И Галина Нестеровна, и Павел Георгиевич, которых я стал называть Галя и Пава, были довольно молодыми, красивыми людьми, в середине пятого десятка. Оба они были бывшие одесситы. Галя училась с моей мамой в гимназии, служила актрисой в одесском театре Массодрам, что означало: Мастерская социалистической драматургии, а теперь работала в литературной части Малого театра. В театр она попала, будучи в эвакуации в Челябинске, устроившись на должность вахтера и быстро получив повышение до помощника завлита. Такой феерический карьерный рост объяснялся просто: она писала неплохие рассказы и тексты для скетчей, которые исполняли актеры театра на эстраде. Отец ее до революции был антикваром, состоятельным человеком, которому повезло: он умер своей смертью в начале двадцатых годов. У Гали было два брата: Шура, служивший юрисконсультом в одном из московских министерств, и Юля, умерший в 1938 году от туберкулеза.
Пава происходил из семьи одесских греков; отец его держал булочную-кондитерскую, где работало все старшее поколение семьи: мать сидела за кассой, глухонемой брат отца был кондитером. Свежий хлеб должен был появиться на прилавке уже в семь утра, поэтому, по рассказам Павы, отец работал от зари до зари и позволил себе уехать на отдых один раз в жизни. Это маленькое предприятие обеспечивало благосостояние семьи; всем троим детям дали образование. Пава учился в одесском коммерческом училище, а затем поступил в Институт народного хозяйства, который умудрился окончить, совмещая учебу со службой в театре Массодрам. В детстве он был увлечен театральностью церковной службы и хотел стать священником, но, повзрослев, вместо амвона ушел на сцену. Сохранились его фотографии, где запечатлен неотразимый молодой красавец в модном костюме, классический jeune premier. Не считаясь с амплуа, определяемым внешними данными, Пава с удовольствием и, как говорилось в сохранившихся рецензиях, с успехом играл самые разнообразные роли, в том числе и комические. Жизнь провинциального актера была очень нелегка, и в середине двадцатых годов он решил переехать в Москву. Поселившись на первых порах у своего друга Юрия Олеши, он стал искать работу в московских театрах. Несмотря на яркую внешность и актерское дарование, Пава был застенчивым человеком и житейской хватки не имел. Поэтому пришлось нелегко; какое-то время Пава даже поработал по полученной в институте специальности, экономистом в консервном тресте, но постепенно жизнь наладилась, нашлось жилье, приехала Галя, удалось поступить в студию Хмелева, а теперь он служил в Театре кукол Образцова, где был одним из ведущих артистов.
Как многие причерноморские греки, Пава и его семья традиционно имели греческое подданство, которое сохранилось и в начальные советские времена.
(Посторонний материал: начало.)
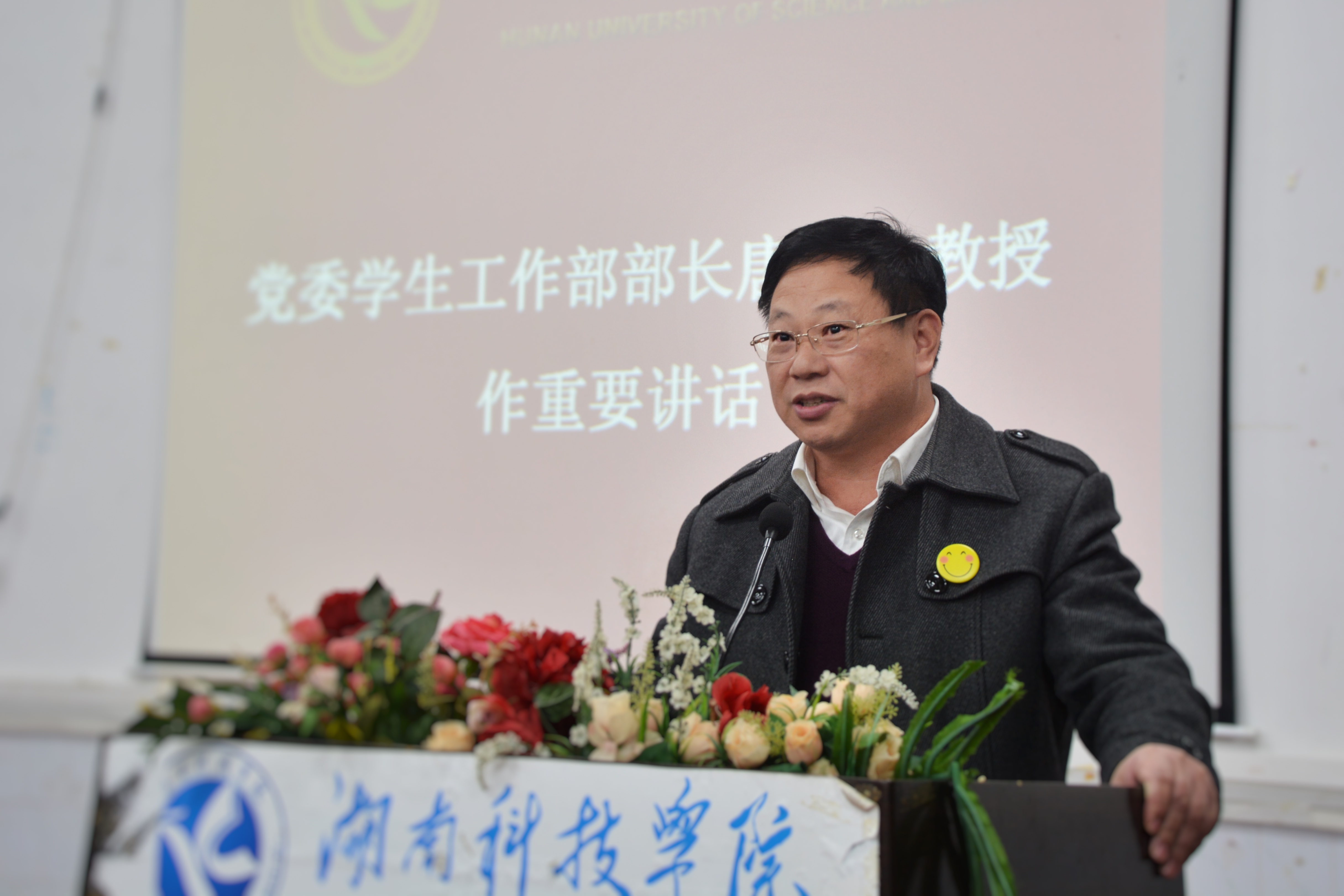 接下来,外国语学院党总支书记雷树彬作讲话,他在讲话中强调,同学们在与人交往的过程中要做到“有礼、有节、有度”。他提议心理教育工作者充分发挥网络媒体作用,通过朋友圈捕捉信息,为工作提供帮助。

Это сделало возможным отъезд семьи в эмиграцию в середине двадцатых годов. Отец к этому времени умер, а мать, Стелла Васильевна, старшие дети, брат Саша и сестра Марика покинули Одессу пароходом и осели в Болгарии, в Варне. Пава, который к этому времени имел успех в театре и собирался жениться на Гале, остался в СССР. Брак с еврейкой греческая православная семья не одобряла, и теперь трещина, прошедшая через семью, расширилась до пределов Черного моря. Впрочем, железный занавес к этому времени еще не окончательно отделил нашу страну от остального мира, поэтому тогда расставание не означало прощание навеки. Письма шли регулярно в обе стороны, пока не наступили жестокие времена. В тридцатых годах стало ясно, что гражданину Греции устроиться в СССР на работу практически невозможно, а переписка с заграницей смертельно опасна. Пава перешел в советское гражданство и написал матери, что переписку он вынужден прекратить. Связь с родными оборвалась.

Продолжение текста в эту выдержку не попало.